Но Боуэн, кроме прочего, чувствовал и восхищение перед тем, чего достигли старик и его Братство: не прибегая к банковским средствам, как делала организация «Порядок», и с сотрудниками, число которых не превышало четырех-пяти человек, эти люди на протяжении тридцати пяти лет совершали убийства и наводили страх на малодушных, при этом блестящим образом заметая следы.
Даже сейчас у ФБР были проблемы с доказательством причастности членов Братства к убийству гинекологов, делавших аборты, гомосексуалистов, еврейских лидеров и прочих «уродов», которые не отвечали идеалам единоверцев Боуэна и уничтожение которых, как утверждали, санкционировал Фолкнер.

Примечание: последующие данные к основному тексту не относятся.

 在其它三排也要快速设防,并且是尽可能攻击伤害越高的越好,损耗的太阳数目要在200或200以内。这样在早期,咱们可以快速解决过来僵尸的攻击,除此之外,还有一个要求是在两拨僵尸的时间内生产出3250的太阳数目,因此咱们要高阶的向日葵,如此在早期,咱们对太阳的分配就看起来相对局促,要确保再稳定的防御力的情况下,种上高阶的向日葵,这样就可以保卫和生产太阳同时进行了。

Странно, но Боуэну не приходила в голову мысль примкнуть к делу Фолкнера, пока не появился Киттим. Киттим был своего рода легендой среди радикально-правых кругов, народный герой. Он появился вскоре после ареста Фолкнера, и после этого идея участия в процессе над Фолкнером стала казаться Боуэну абсолютно естественной. А то, что он не мог точно припомнить, чем именно прославился Киттим или откуда он появился, не имело такого уж большого значения. С этими народными героями ведь всегда так: они только наполовину реальны, а наполовину вымышлены, но, когда рядом с ним появился Киттим, Боуэн приобрел новое чувство цели, почти непобедимости.
Оно было таким сильным, что практически затмевало страх, который Роджер испытывал в присутствии этого человека.

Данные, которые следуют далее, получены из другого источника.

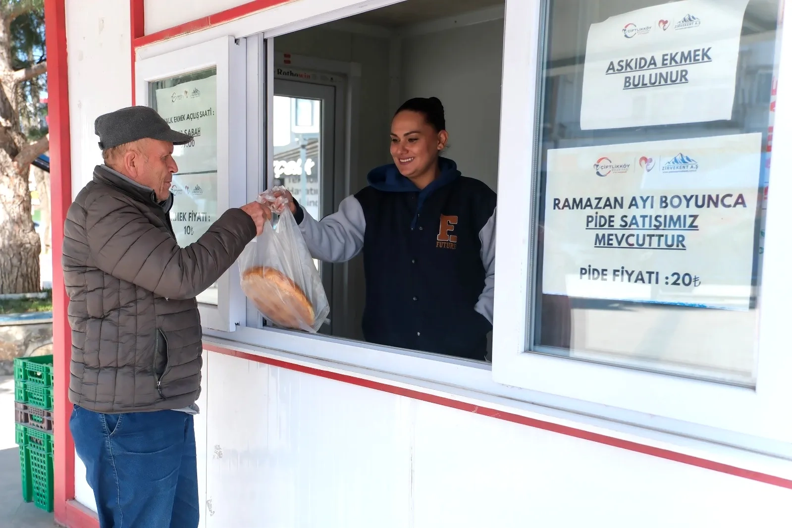 Atatürk Parkı içerisinde, Sahil Mahallesi muhtarlık binasının yanında bulunan satış noktası Çiftlik Mahallesi’nde yer alan 23 Nisan Meydanı’ndaki halk ekmek satış noktasıRamazan ayının devam etmesiyle birlikte bu noktalarda özellikle iftar saatine yakın zamanlarda yoğunluk yaşandığı gözlemleniyor. Vatandaşlar uygun fiyatlı pide ve ekmek alabilmek için halk ekmek büfelerine yoğun ilgi gösteriyor.

Восхищенное отношение Боуэна, воплощенное в конкретных действиях после прибытия Киттима, безусловно, нашло отклик у Фолкнера, и он передал через своих юристов готовность украсить мачту Боуэна своими цветными лентами, заключив с ним альянс. Он даже предложил через свои секретные счета, которые его преследователи не смогли обнаружить, финансовую поддержку, если Боуэн окажет содействие в его освобождении. Больше всего старик не хотел умирать в тюрьме. Он предпочел бы до конца своих дней скрываться от преследования, но не гнить за тюремными решетками. Фолкнер попросил еще об одной маленькой услуге. Боуэна это немного напрягло — он и так уж предложил содействие в укрывании Фолкнера от преследований со стороны закона, — но, когда Фолкнер рассказал, о чем идет речь, Боуэн расслабился. Это была мелочь, и она доставит Боуэну почти столько же удовольствия, сколько Фолкнеру.
Боуэну казалось, что в лице Киттима он нашел подходящего для дела человека. Но он ошибался.
По сути, это Киттим нашел его.
* * *
Грузовик Боуэна подъехал к расчищенной площадке перед деревянным строением у границы Южной Каролины и Теннесси. Постройка была из темной древесины, крыльцо, поднятое на четыре ступеньки, справа и слева от него — два узких окна. Здание производило впечатление хорошо подготовленного к обороне бункера.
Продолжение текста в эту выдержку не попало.